Data protection in biobanks from a practical point of view: what must be taken into account during set-up and operation?

Abstract

The European General Data Protection Regulation (GDPR) incorporates many of the principles of data protection that were already in force in the past. Insofar the data protection requirements for German biobanks have not fundamentally changed since the GDPR became applicable in May 2018. In detail, however, new and relevant requirements have been added.
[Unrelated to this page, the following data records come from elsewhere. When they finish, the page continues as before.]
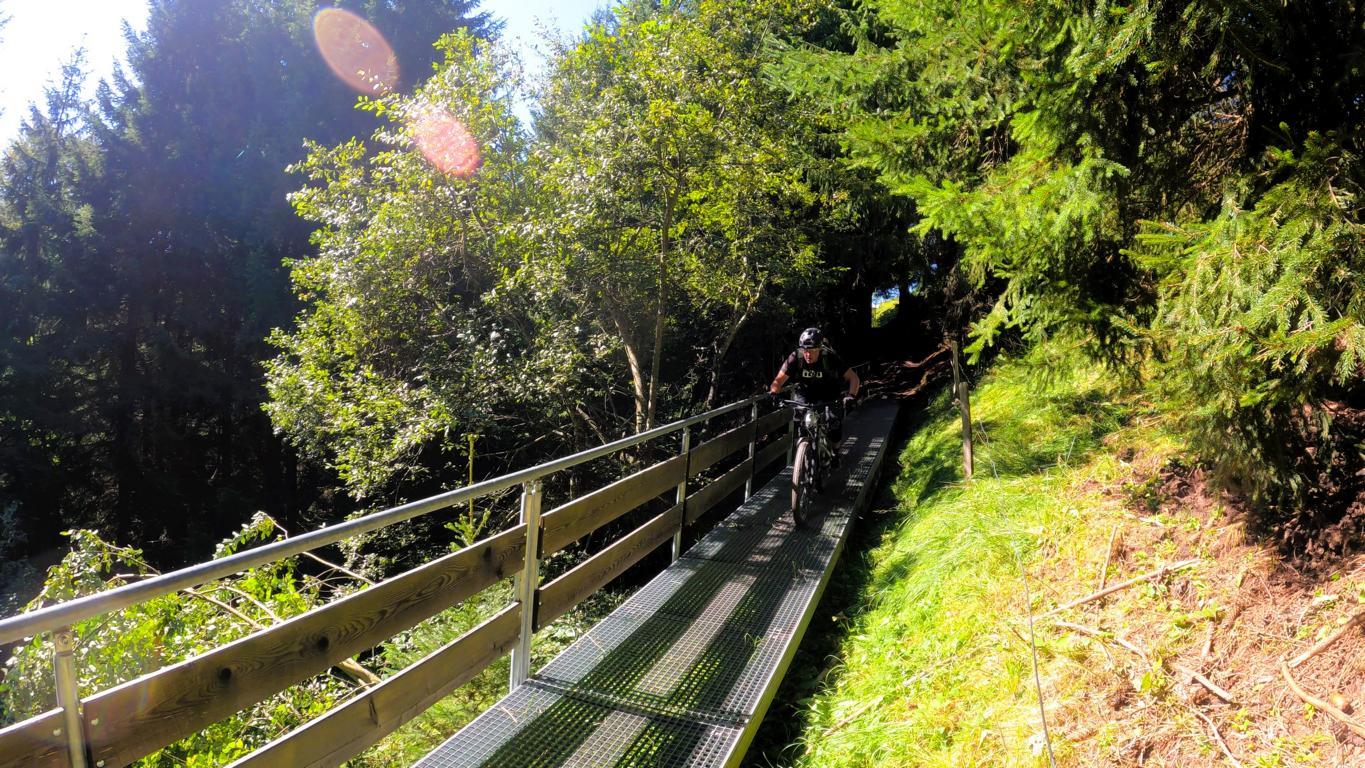 Vom Kreuz führt der Trail im Schwierigkeitsgrad S1 bis zur Achenthalalm. Am Boarstadl weiter führt der Trail mit der Schwierigkeit S1 bis S2 bis nach Oberau. Von der Oberau bei der «Schöne Aussicht» liegt der Trail mit ein paar Spitzkehren im Schwierigkeitsgrad S2.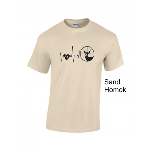 körkötött, környakas, rövid ujjú uniszex póló Vadászat témában anyaga 100% pamut 185 g/m2 (175 gr/m2 fehér) S-3XL méretekig választható varrás nélküli, duplán tűzött nyakkivágás válltól-vállig pántos kitéphető címke gyűrődésmentesítő behajtás 10 színbe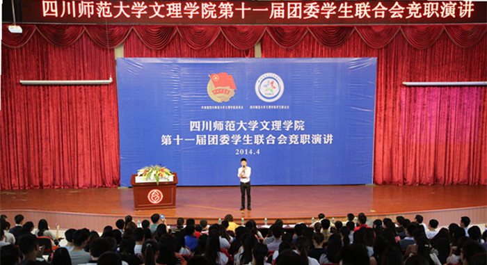 4月28日下午1点,我院第十一届团委学生联合会竞职演讲在二校区文理大讲堂举行。历经5小时的激情演讲,评委会成功遴选出第十一届团委学生联合会学生干部。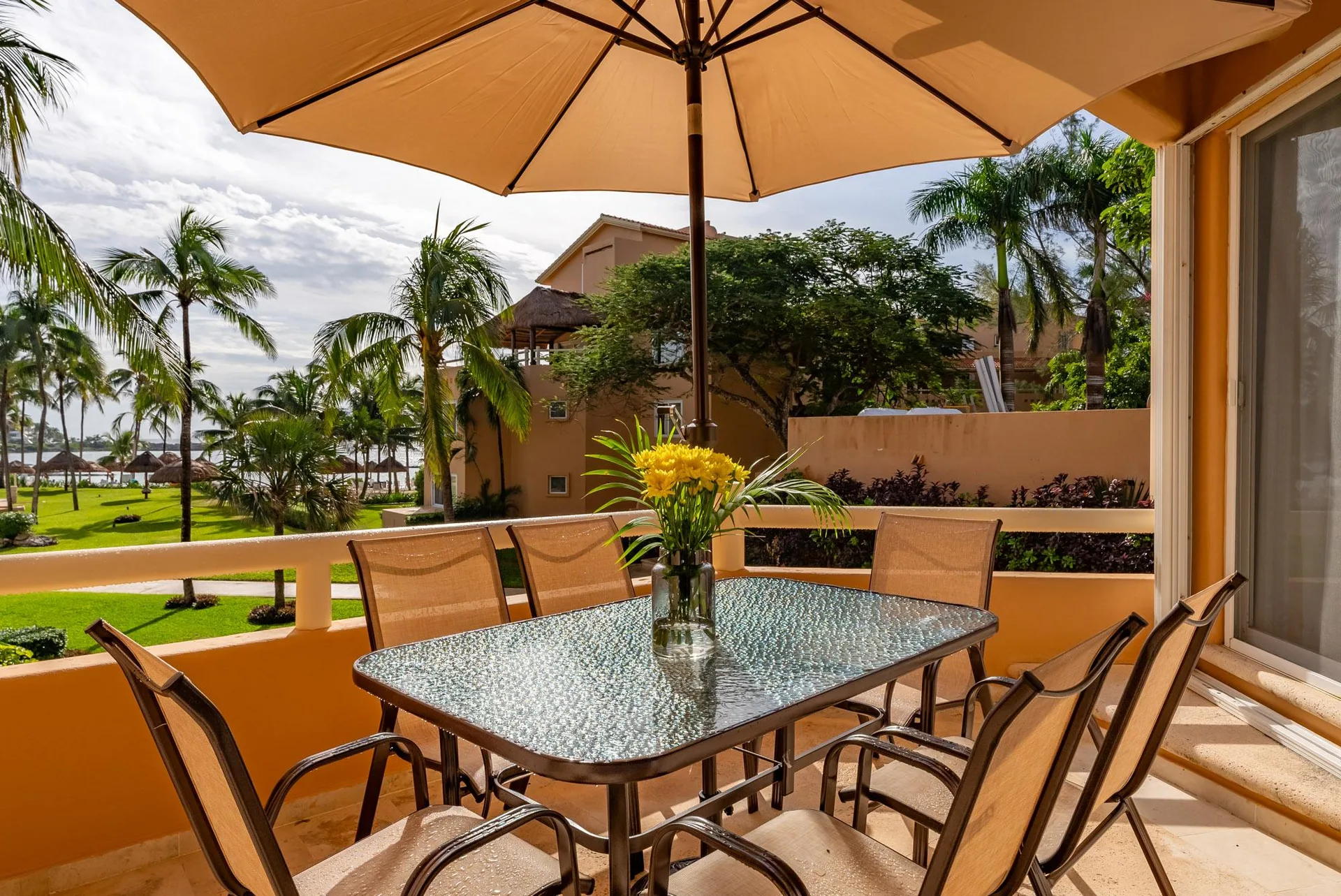 Villa Aqua is located in the Villas del Mar beachfront condominium within Puerto Aventuras on the Riviera Maya. The building is noted for its solid construction and generous finishes. The property benefits from a white sandy beach area with palapas, situated along the protected curve inside the Bay of Fatima where the waters are consistently calm.

Due to many derogation clauses that allow national deviations, federal and state laws must also be taken into account in Germany, depending on the legal form of the biobank or the supporting institution, which increases the complexity in individual cases. Research-oriented biobanks can still rely on informed, voluntary and explicit consent from patients or test persons. Other legal bases are also possible in certain cases. The information and transparency requirements have increased with the DSGVO, which has led to higher administrative costs. However, a major problem existed before and continues to exist in clarifying how biobanks deal with the right to know and the right not to know of their subjects, how this is explained in advance and which policy can be implemented in the long term, also in the context of targeted recruitment for later studies. The complexity of the regulatory framework and the resulting demands on biobanks make the development and implementation of standards unavoidable. In addition, it is recommended that such infrastructures be centralised, professionalised and equipped with the necessary resources.